ハードウエアの仕様はこれでいったんFix.製作ネックになるのは,やはり本体のプリント基板だ.これも過去の記事にあるように露光器を自作し,極力手作りで実施してきたが,実は結構失敗もしている.失敗を繰り返してわかったことは,以下の3つのポイント.
①露光時間は,8分30秒がBest
②エッチングの際の,温度管理
③エッチング液の量
④エッチング時間(引き上げのタイミング)
露光~感光までは,①の露光時間を守れば,ほぼ失敗は無い.エッチングは,例によってジップロック(小)に基板とエッチング液を入れて湯煎する.この時,袋が破れそうだからと言って袋を2重にすると,温度管理は困難になってしまうので,ジップロックは必ず新品を大事に使うようにすれば,周囲湯温度を43度に維持すれば,エッチング液温は40~42度に保てる.

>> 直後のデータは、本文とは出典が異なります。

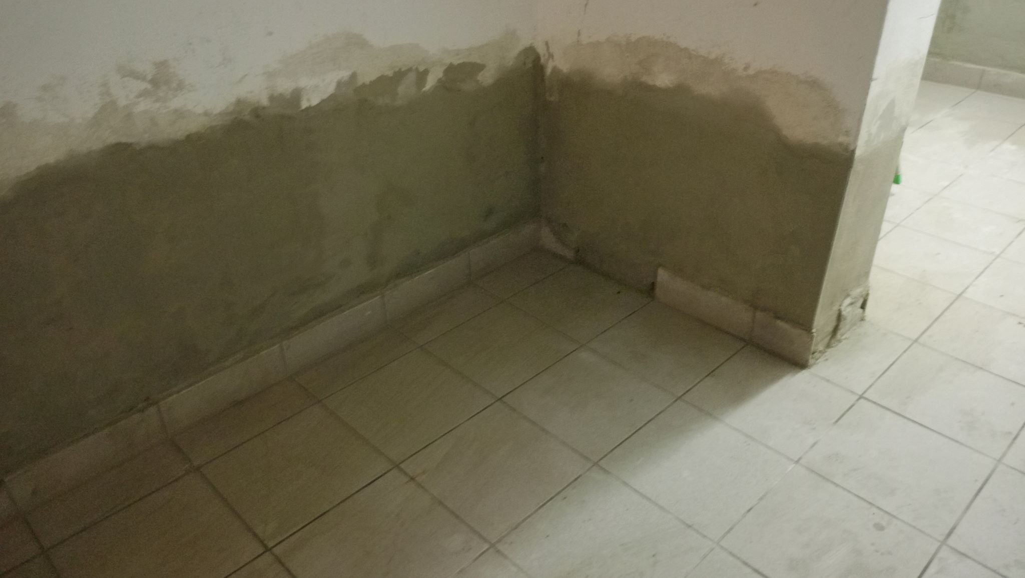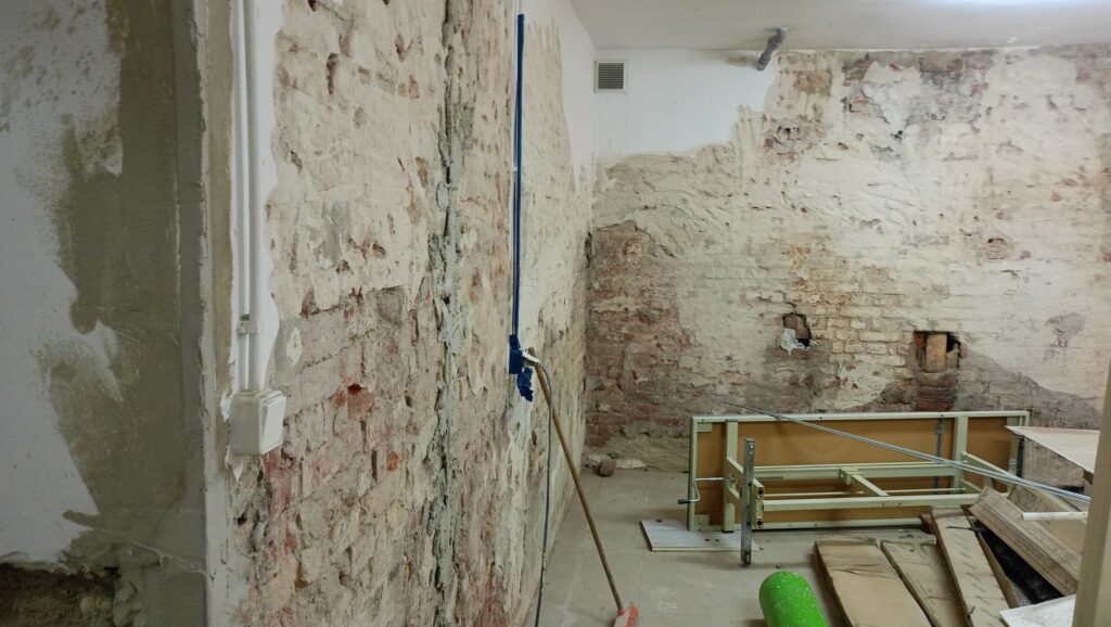 oczyszczenie oraz gruntowanie powierzchni  ścian przyziemia, z których wcześniej zostały zbite tynki i poddane osuszaniu,
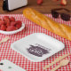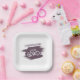 Diese Teller der Graduierungsparty haben den Text "Gratulation 2024 Grad" und sind mit lila, dunklen Pinselstrichen versehen.
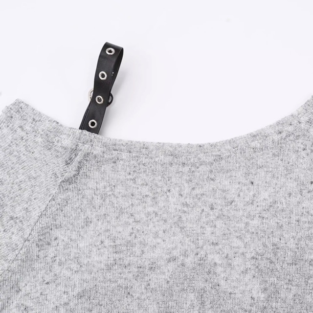 ワンオフショルストラップベルトハトメストラップグレーロングスリーブカットソー(lli_6085)
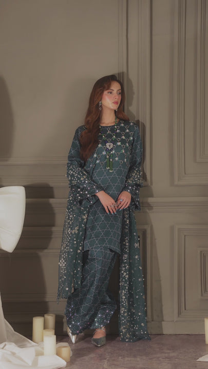 - Embroidered Printed Silk With Hand Embellished Long Shirt
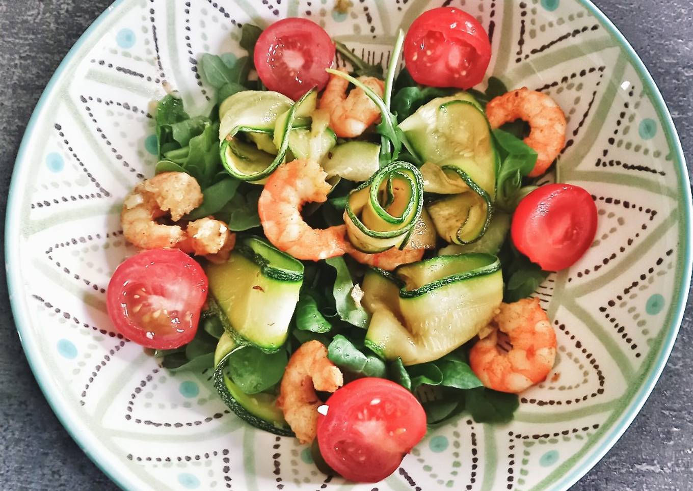 - Ensuite disposez les lamelles de courgette et les crevettes.
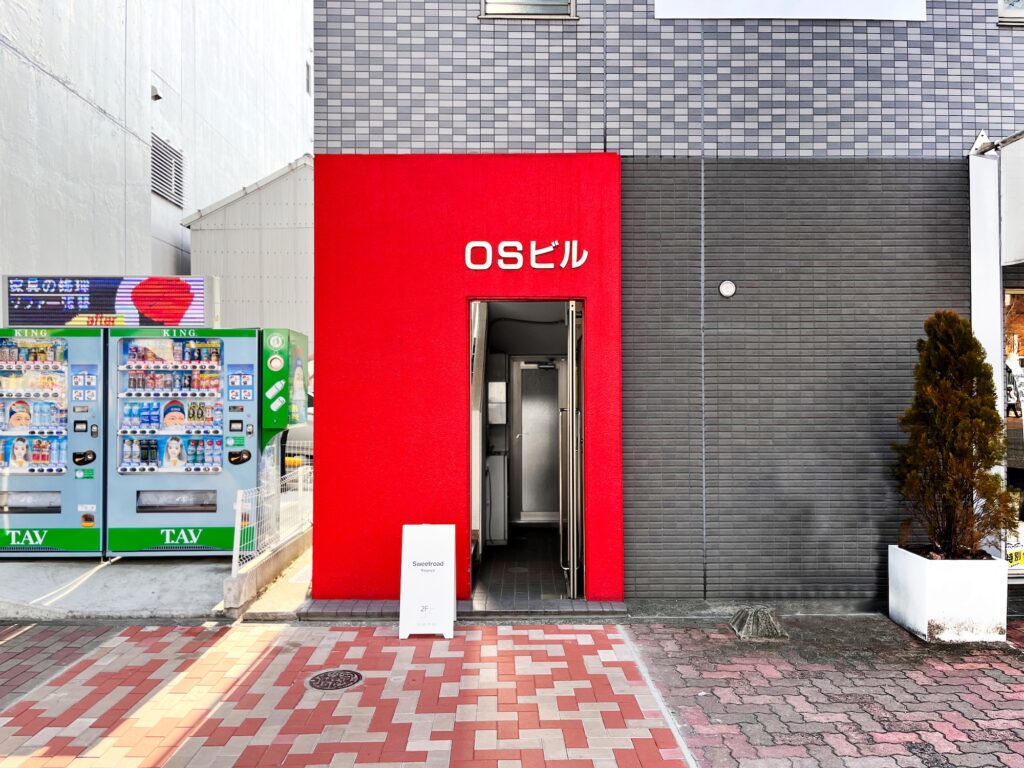 OSビルと書かれた赤い門のような扉を潜り、2階まで上がってください。
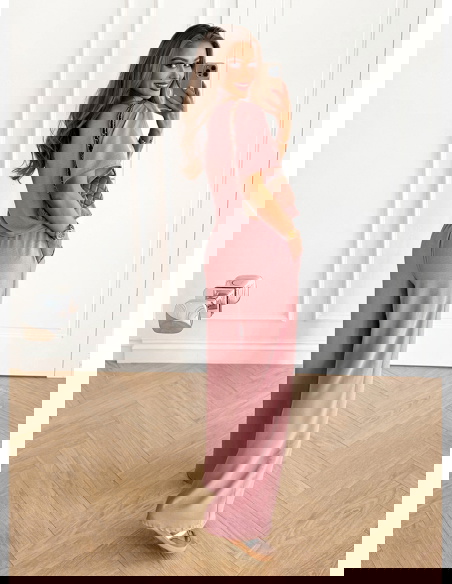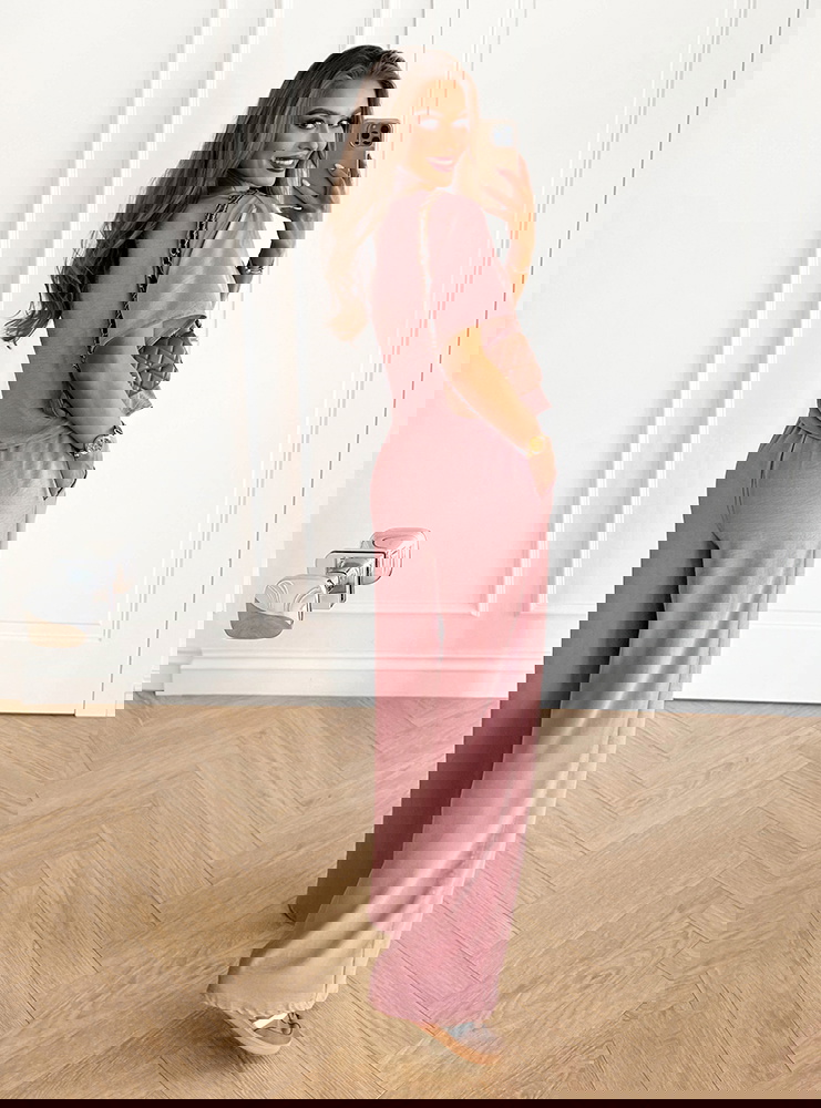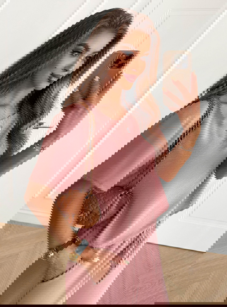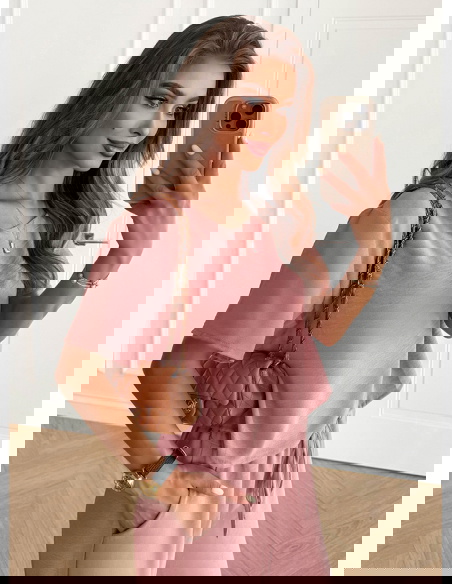 Komplet bluzka z krótkim rękawem i szerokie spodnie Rumie - brudny róż to stylizacja, która od razu przyciąga uwagę swoją subtelnością i elegancją. Ten wyjątkowy odcień różu dodaje delikatności, a jednocześnie sprawia, że całość prezentuje się nowocześnie i z klasą. To połączenie prostoty i wygody, które idealnie sprawdzi się w codziennych stylizacjach. Luźny krój bluzki zapewnia swobodę ruchów, a szerokie spodnie nadają sylwetce lekkości i szyku. Dzięki wiązaniu w pasie spodnie można idealnie dopasować, co dodatkowo podkreśla atuty figury. Komplet ten pozwala stworzyć kobiecy look bez zbędnego wysiłku – wystarczy kilka dodatków, aby całość nabrała charakteru. Brudny róż to kolor niezwykle uniwersalny, pasujący zarówno do jasnych, jak i ciemniejszych akcentów. Stylizacja ta świetnie wpisuje się w aktualne trendy, łącząc minimalizm z elegancją. Zestawienie bluzki i spodni tworzy harmonijną całość, która sprawdzi się w wielu sytuacjach. To idealna propozycja dla kobiet, które lubią wyglądać stylowo i czuć się swobodnie każdego dnia.
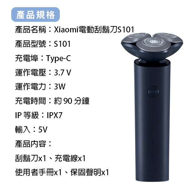 產品內容:刮鬍刀x1、充電線x1、使用者手冊x1、保固聲明x1
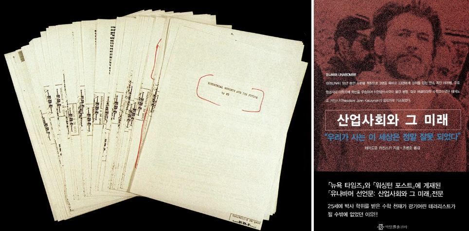 지난 6월 10일, 미국의 수학자이자 반기술주의자인 시어도어 존 카진스키(Theodore John Kaczynski)가 죽었다. 본명보다 유나바머(Unaboomber)라는 이름으로 더 많이 알려진 카진스키는 17년간 16번의 폭탄 테러를 통해 3명을 살해했으며 23명에게 부상을 입혔다. 과학기술의 발전과 산업화로 인류의 존엄성과 자율성이 박탈당하고 종국엔 말살당할 것이라는 자신의 신념에 입각해 과학자와 기업가들을 상대로 폭탄테러를 저질렀다.
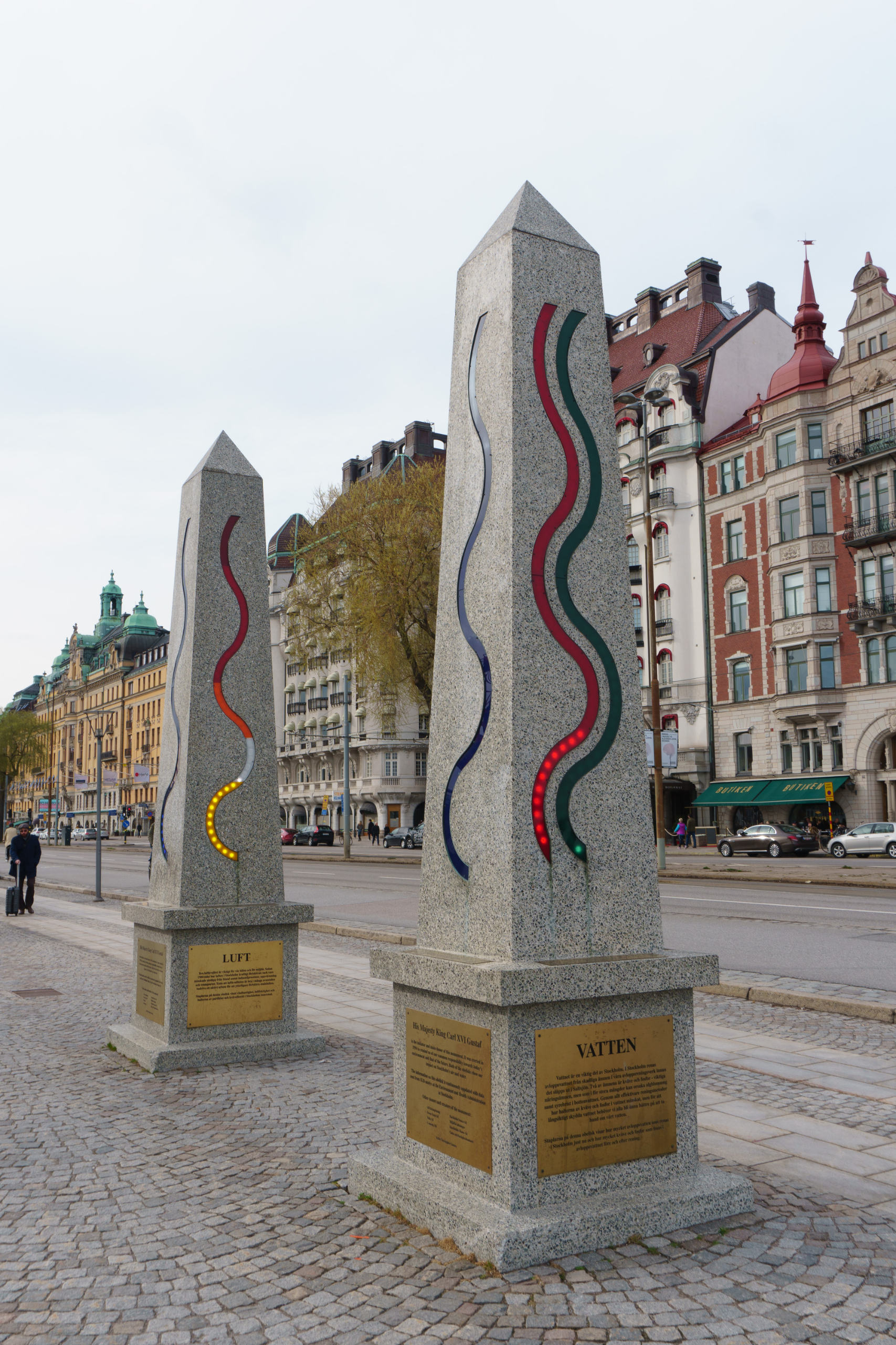 Памятники Воздуху и Воде, которые в Стокгольме уникально чистые. С разных сторон обелисков волнистыми линиями загораются лампочки, показывая текущие замеры чистоты или загрязнения.
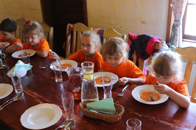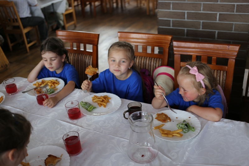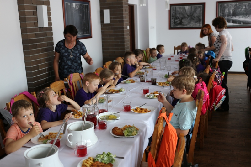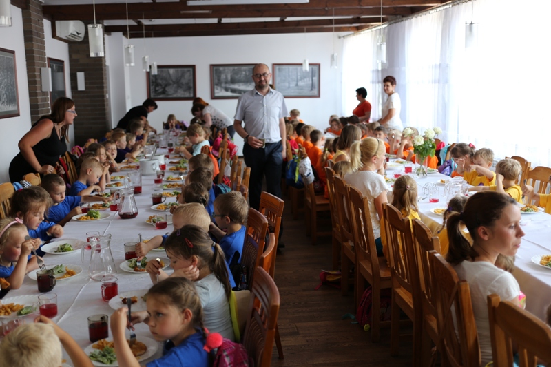 Dużym przeżyciem było zwiedzenie mini stadniny koni różnych ras i maści. Poznanie pracy w stajni, zapoznanie się z końmi, pokaz czyszczenia i siodłania konia, wszystko to stanowiło zachętę do odkrywania dalszych przygód. Najmłodszym z pewnością spodobały się zespołowe gry na świeżym powietrzu, w których brali udział podzieleni na drużyny oraz odpoczynek na placu zabaw.
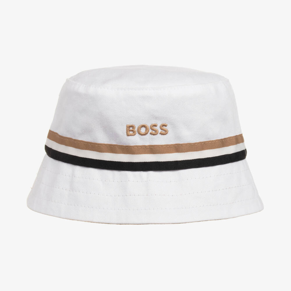 Cute white and beige bucket hat for baby boys by BOSS. Woven in lightweight cotton twill, the plain beige side has a white outline logo print on the front for instant brand recognition. The reverse white side is striped in the designer's signature colours of black, white and beige, and has a beige logo embroidered in the centre. It has a wide brim, ideal for shielding your little one's eyes from the sun.
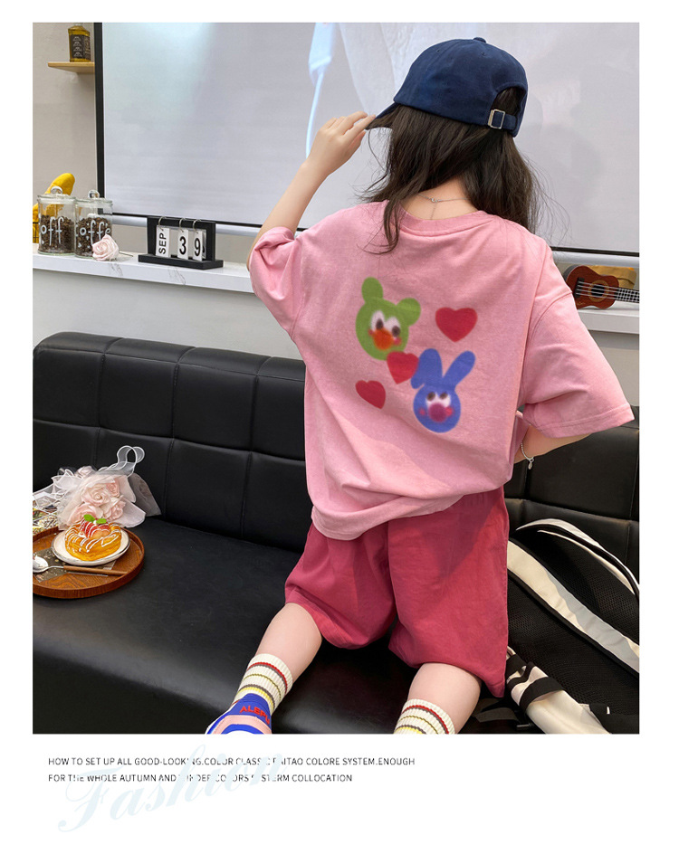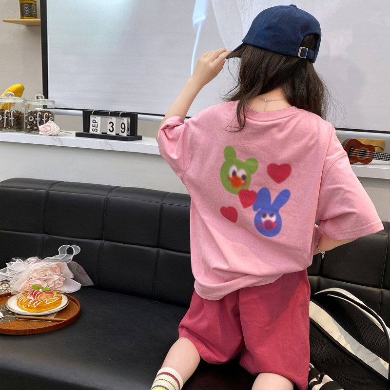소녀 여름 반팔 세트 2025 새로운 서양식 소녀 여름 캐주얼 티셔츠 어린이 반바지 운동복

苦労したのが,③と④だ.いろいろな文献をを読むと,今回使っているサンハヤトの片面感光ポジ基板10K程度だったら,塩化第二鉄200CCで2枚くらいエッチングできる,と読める文献が多かったので,200cc程度で実施していた.すると,温度を適温に保っても,なかなか細部のエッチングが進まない.常識的なエッチング時間,15分~20分程度実施してもまだパターン間に銅箔が残る.こちらもそう暇でないので,やけになってほったらかし,パターン間の銅箔が完全に消えた段階で引き上げると,細いパターンは既にエッチング液の中に溶け込んでいて消えている,という状態だ.
当初は温度管理だと思ったので,少し温度を高めにエッチングしてみたが,これでもうまくいかなかった.ふとエッチングの進行速度から見て,温度と言うよりもエッチング液を増やすほうが効くかな,と思い,250cc程度に増やしてみたら,エッチング時間も18分程度と適正になり,パターンもパターン間も健全になった.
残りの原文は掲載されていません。